Harish Gupta
Harish Gupta

Reputation: 402

buffered reader copying as it is and not taking the values

There are two problems:

  1. The path in the file reader is actual path but i want the relative path
  2. After reading the content from the file i am storing that content into a string and when I print the string it is not print the actual values of cn and ci following is the code.

    String content = "";
    String cn, ci;
    cn = request.getParameter("carrier_name");
    ci = request.getParameter("carrier_id");
    BufferedReader in = new BufferedReader(new FileReader("C:\\Users\\abcd\\Documents\\NetBeansProjects\\sendmail\\web\\mailformat.html"));
    String str;
    while ((str = in.readLine()) != null) {
        content += str;
    }
    
    in.close();
    out.println(""+content+"");
    

mailformat.html

hello
carrier name :<label >"+cn+"</label>
carrier id <label>"+ci+"</label>

Upvotes: 0

Views: 77

Answers (3)

A4L
A4L

Reputation: 17595

To get a relative path to your web-application you could use ServletContext#getRealPath

But since this seems to be a template for mail message you could just put into your classpath and retrieve it using getClass().getResourceAsStream(name)

InputStream is = getClass().getResourceAsStream(name);
BufferedReader br = new BufferedReader(new InputStreamReader(is, "utf-8"));

As for getting the values into your content you could replace the pace holders

<label >"+cn+"</label>

and

<label >"+ci+"</label>

with the values you get from the request using String#replace(str, replacement).

Upvotes: 0

Steve11235
Steve11235

Reputation: 2923

Instantiate a File instance from your path. Note that a relative path has to be relative to something, such as the current directory. BTW, use "/" instead of "\" in the path, as Windows doesn't care, its *nix friendly, and you avoid all the escaping.

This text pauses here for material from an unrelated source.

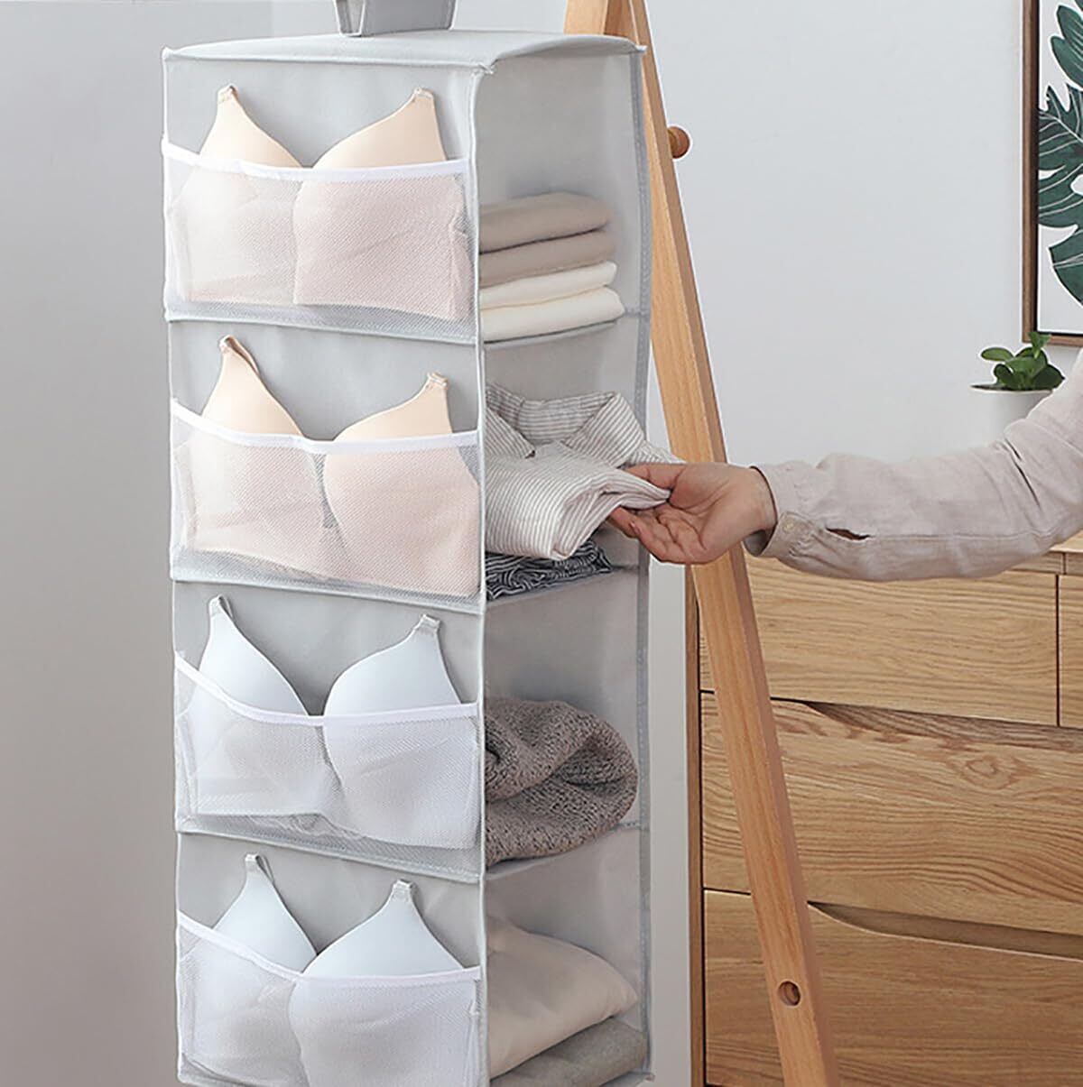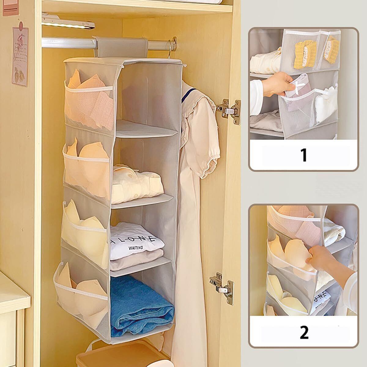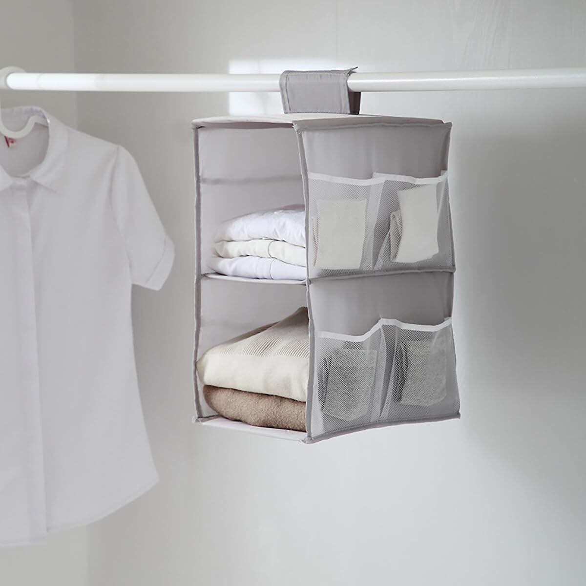 吊り下げ収納 2段式 3段式 衣類ラック クローゼット 水洗い可能 防湿防カビ 取り付け簡単 下着 靴下 帽子 収納 インストール不要 (グレー, 2段式)

Use a StringBuilder rather than concatenating String. It is more efficient and more flexible.

Initialize non-final local variables to null; it's a good practice.

You don't do anything in the code you show with cn and ci. Do you intend to replace "cn" and "ci" in content with the values of the variables? You'll have to do some sort of find and replace.

Upvotes: 1

Torben
Torben

Reputation: 3913

You can't just read in text and expect the JVM to understand it and treat it as a custom string format. You have to go through the string that you read from the file and find the tokens that should be replaced with the parameters.

This method might come in handy: String.replace(CharSequence, CharSequennce)

For the relative path part: Just use a relative path. There is no magic to it.